Releasing a heavy puff, he roared a hard cough and a pile of memories of their happy little family ran through him without permission. He recovered from his shattered mind and gave a smile as he remembered his dreams of his son emerging to be a better painter than his father and in fact the best ever in the world. Like him, the little one too had the early knack of brushing out landscapes, portraits and antiques with ease.
"Father, I got first in the inter-school!" the boy from the fourth class yelled with excitement and playfully swung the medal around. He kissed his son on the forehead and said, "I am proud of you, my boy."
"One day I'll use your brush and canvas to make the greatest painting in the world", the little one replied.
But his sunny days were short lived. A few weeks later fate sung the rhyme of an adverse prelude by taking away his love forever, leaving him bewildered and damaged. This left his son astonished too. One could hardly imagine the effect of losing one's mother at such a small age. Though he continued, his paintings seemed to yield little of the earlier juice in them that attracted his fans. Sometimes he would remain lonely for hours engrossed in contradictory thoughts.
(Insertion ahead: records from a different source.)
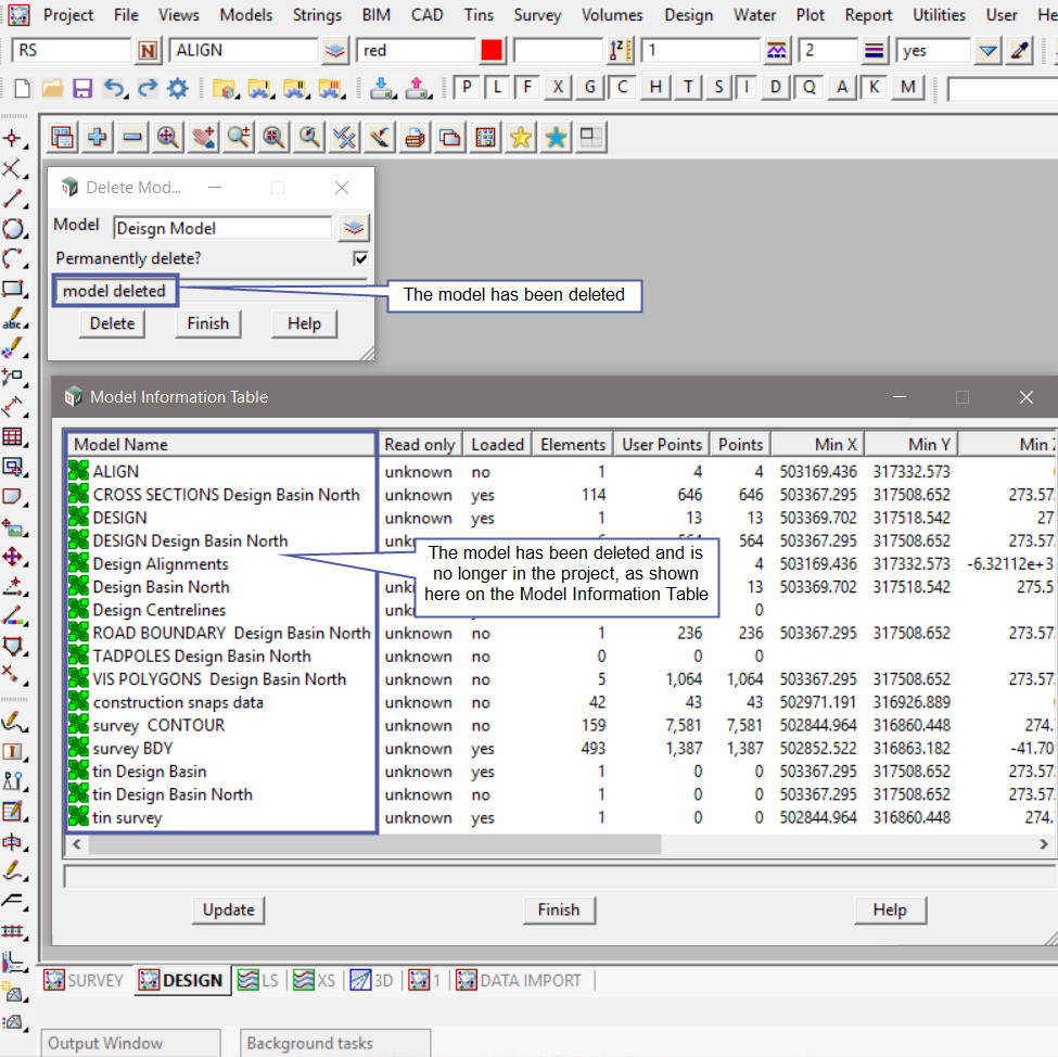 After the model is deleted from the project, use the ‘Model Information Table’ to check that the model is no longer in the project. Use: Models => Model Information Table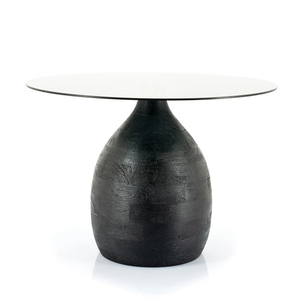 De By-Boo Bond salontafel bestaat uit een bijzondere mix van materialen. De mangohouten kegelvoet is sfeervol, natuurlijk en karakteristiek. Daarboven zorgt het blad van glas voor veel contrast. Met een diameter van 60 centimeter kun je er genoeg koffiekopjes, wijnglazen of lekkernijen op kwijt; dankzij het glas neemt de salontafel toch een bescheiden ruimte in! Verkrijgbaar in donkerbruin of zwart.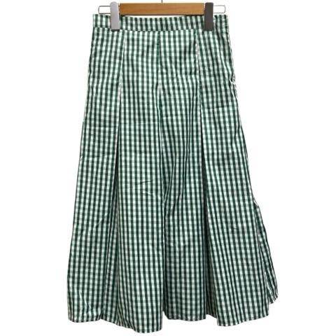 【中古】ABITOKYO スカート フレアスカート 膝丈 チェック柄 S 緑 グリーン レディース
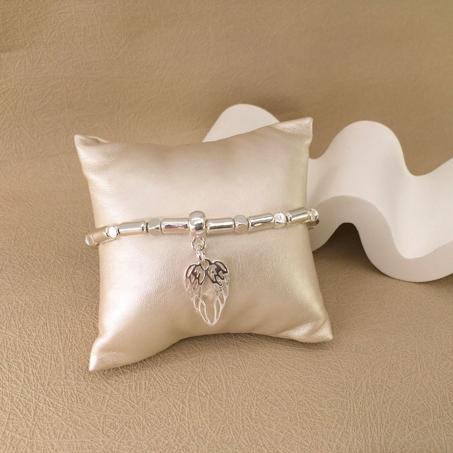 This georgous little braclet with the beautiful angel wing design is a must have. The braclet is elasticated so easy to pop on most wrists.

Wealth started to degrade rapidly and it became difficult for him to sustain his normality. His son grew up gradually to a teen, then to a young person, but in all these years he never took to his father's profession by the core of his heart. The boy got curtailed in the bad winds of the city and the little artist in him got erased bit by bit, which deeply agonized his father.
Sometimes he would make his son sit with him explaining the ideologies of the world and how he should take to his artistic view of life. But it resulted in vain as he had to search for the distracted soul for days only to find him smoking weed in the vulgar corners. He was in debt, struck by disease and hardly could make his two ends meet. If only, his son could aid him with the slightest possible contribution. But still, the man loved him because he was the only left gem, his only little son in his remaining life. He hoped that his boy would soon step into his shoes and fulfil his dream. His disease had made him weaker day by day and a consolation from his son was the last thing he wished for.
A cold breeze made the old man shiver to his tender bones and suddenly arose from all these distant memories. His empty whiskey bottle flushed disappointment in him. Drunken thoughts powered the trembling hand to grasp a flat brush. He soaked it deep in the grey bowl of color and stroke it in the blank white canvas for another night's paint.
"Father", he whispered, "Wake up Father ', the boy screamed shaking the old man's shoulder. Shocked, he stood, he saw that the lean body in the chair had turned cold, his father was no more.
Dropping on his knees he held him tightly and glanced at the painting that lied against his dead father. A tear drop twinkled down his face as he saw the little one kissed by his father.
He rose gently lifting the brush from the frozen hand and soaked it. Slowly he went up to where he had always tried for but couldn't, and laid the first stroke on his father's canvas.